For example, in her genetic studies of gender incongruence, Ariel Knafo, and her colleagues found an inheritance correlation of only 0.21 in boys and a much larger rate of 0.74 in girls (where zero shows no correlation, while 1 defines complete genetic determination) no definitive link could be made. [107] While Knafo’s research may indicate a more significant genetic influence in females than males, genetic inheritance is still far from determining a person’s gender incongruence. [108] Even though research into the social factors contributing to gender incongruence is still in its infancy, [109] genetics could play a role in the following way. What twins may actually have genetically in common (especially females), whether identical or fraternal, is sharing the same family perpetrator. Theoretically, identical female twins should show an even higher correlation since they would look virtually alike, where both appeal to the same abuser, thereby becoming interchangeable victims. Even though most studies investigating gender incongruence have searched for root genetic causes, less focus has been given to family dynamics. [110] Perhaps it is time to ask different research questions.

 

Due to the variety of chronic and acute traumas that can happen to children to cause gender incongruence (as seen in case histories, research, and anecdotally), the thing they all seem to have in common can be summed up with the phrase “an inability to report” or in some cases have their report taken seriously. Of course, the only way to rectify the inability to report about oneself is to open up and talk about trauma, which just happens to be a psychotherapy specialty. But unfortunately, medical interventions only forestall these crucial discussions, thus enabling people to skirt their trauma and squirt away from counseling, thus establishing the potential for a generational problem and family legacy.
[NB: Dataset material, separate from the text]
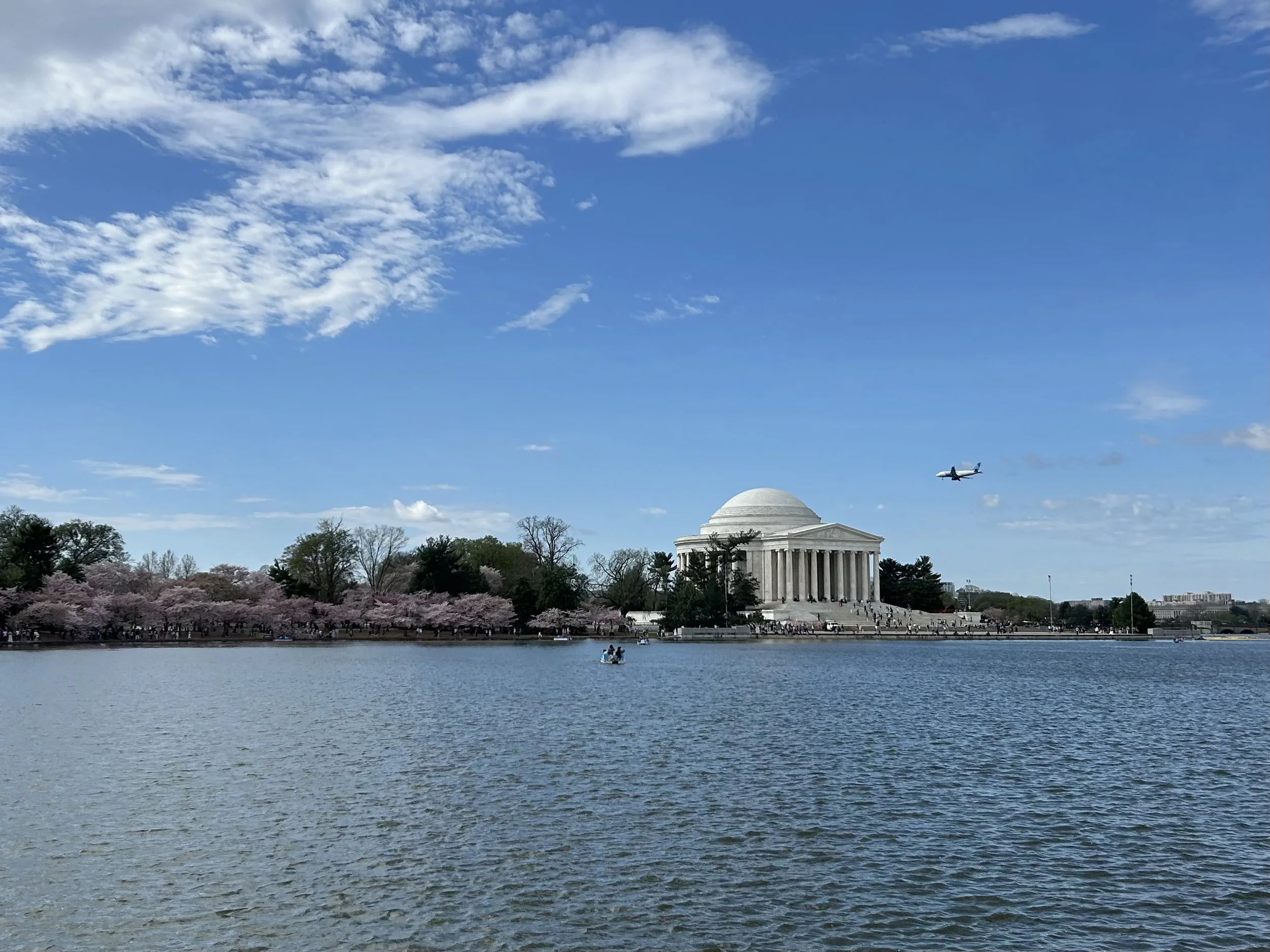 As we walked to the left in the park, we could see the Jefferson Memorial across the water. Paddle boats with intrepid pedalers dotted the water as planes flew overhead.

A Generational Problem and Family Legacy

Keeping these issues hidden can produce a generational problem as sexually abused women beget sexually abused daughters. How could that be so? The answer has to do with the combination of a woman’s biology and her psychological values. Like what happened to April, adding together her limbic brain’s conclusion, her endocrinology, and her injury from incest changed her native values system. For example, the estrogen April’s body produced gave her a much less intense libido as a female than the high-octane libido males get from testosterone. In addition, having been forced or coerced to be sexual at times when her libido was not in agreement with having to be intimate caused her appetite for physical intimacy to be altered. Consequently, the value she placed on lovemaking diminished. Sometimes, however, the opposite can happen when a person’s sexual prowess gets connected to self-worth.

 

When that happens, the encouragement and praise they receive from their stellar performances make them want to seek it more. In such cases, the limbic brain wants to recapture an intimate relationship not to enjoy physical intimacy but to gain the thrill of thrilling someone (especially a father) once again. At times when people who have associated self-worth with sex find their worth challenged (making them get mentally down on themselves), they may then be prompted to engage in risky hookups to find worth again. As that occurs, mentally detached sex can become overvalued. As for April, lovemaking became undervalued because that type of intimacy was associated with injury. Her new less-than-positive view toward lovemaking made it difficult for her, which meant that her husband Scott received far less than his appetite wanted — scenarios such as these press husbands like Scott to find alternative outlets for their sexuality. [111] As you recall Clint’s story, an appropriate outlet for his libido had also been of great concern. These all point us to another major consideration regarding the formation of values.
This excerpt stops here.